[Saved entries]

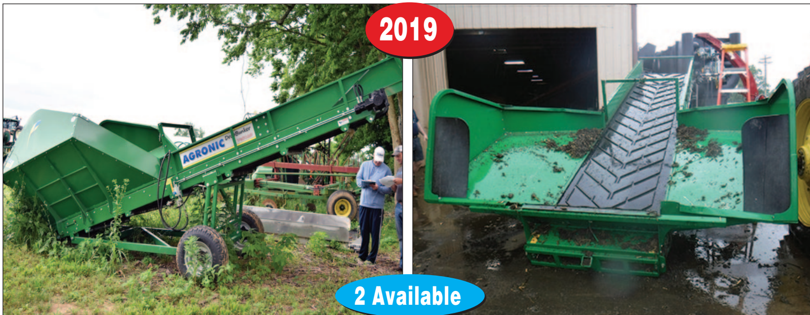
AGRONIC DROPBUNKER V60120 CONVEYOR SYSTEMS
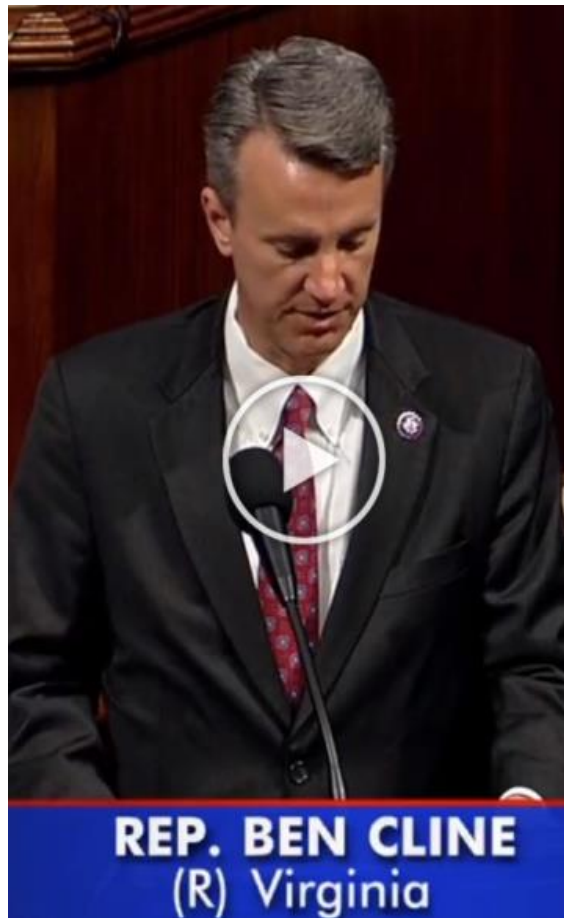
Addressing the border crisis on the House Floor
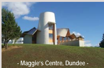
- Maggie's Centre, Dundee -

The new family room extension to replace a storm damaged conservatory at a private house at Kilmacolm makes the most of the magnificent, south facing view.
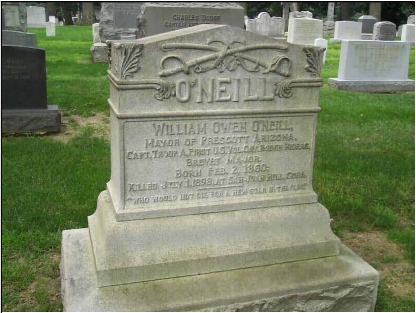
28 June 2003
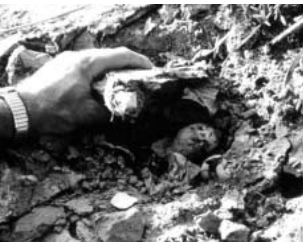
Gull eggs buried by Mount St. Helens' eruption.

what I could learn about dinosaur egg fossilization from my ashfall experience. So one year
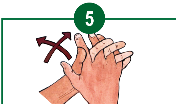
Rub fingers between each other.

**What this task involves**
Give the records back exactly. Leave the pictures out.

**Solution to the problem**
AGRONIC DROPBUNKER V60120 CONVEYOR SYSTEMS
Addressing the border crisis on the House Floor
- Maggie's Centre, Dundee -

The new family room extension to replace a storm damaged conservatory at a private house at Kilmacolm makes the most of the magnificent, south facing view.
28 June 2003
Gull eggs buried by Mount St. Helens' eruption.

what I could learn about dinosaur egg fossilization from my ashfall experience. So one year
Rub fingers between each other.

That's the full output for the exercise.